Over the Counter Tax Lien and Tax Deed Investing Overview

How to Prepare for (OTC) Over-the-Counter Tax Sales

How to Prepare for (OTC) Over-the-Counter Tax Sales

How to Prepare for Over-the-Counter (OTC) Tax Sales

When preparing for Over-the-counter (OTC) tax sales, the first step is understanding that these are opportunities to purchase tax liens or tax deeds on properties not sold during the auction. Whether you’re aiming to earn interest from delinquent taxes through tax liens or seeking full ownership with tax deeds, OTC sales offer a simpler, non-competitive option. However, proper preparation and research are crucial to make informed decisions and avoid potential risks. Here’s a guide to help you navigate the OTC process effectively.

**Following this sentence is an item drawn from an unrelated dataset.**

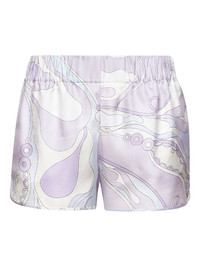 elasticated-waistband Orchidee-print shorts Highlights - Lavender purple - Orchidee print - Elasticated waistband - Side in-seam pockets - Silk Made in Italy Composition Silk 100% Washing instructions Read Manufacturer Guidelines
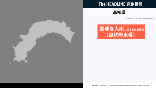 高知県西部、線状降水帯による非常に激しい雨が続き災害発生の危険度が急激に高まる

1. Understand Your Investment Goals

Before diving in, it’s essential to clarify whether you’re interested in purchasing tax liens, which allow you to earn interest, or tax deeds, which can result in property ownership. Decide whether you are focusing on:

  • Residential homes, vacant lots, or commercial properties.
  • Properties with development potential or those that need minimal maintenance for resale.

By defining your goals, you can focus on properties that fit your investment strategy, whether you’re interested in earning interest or foreclosing on properties.

man thinking about his investment goals

2. Choose the Right State and County

Each state and county has its own rules for (OTC) Over-the-counter tax sales. Some popular states for OTC investing include Florida, Arizona, and Texas, where unsold properties become available after the auction. You’ll need to research which type of opportunity is available in your target location:

  • Tax liens: You collect interest on delinquent taxes until the homeowner redeems the property.
  • Tax deeds: You can acquire the property if it goes unredeemed after the redemption period.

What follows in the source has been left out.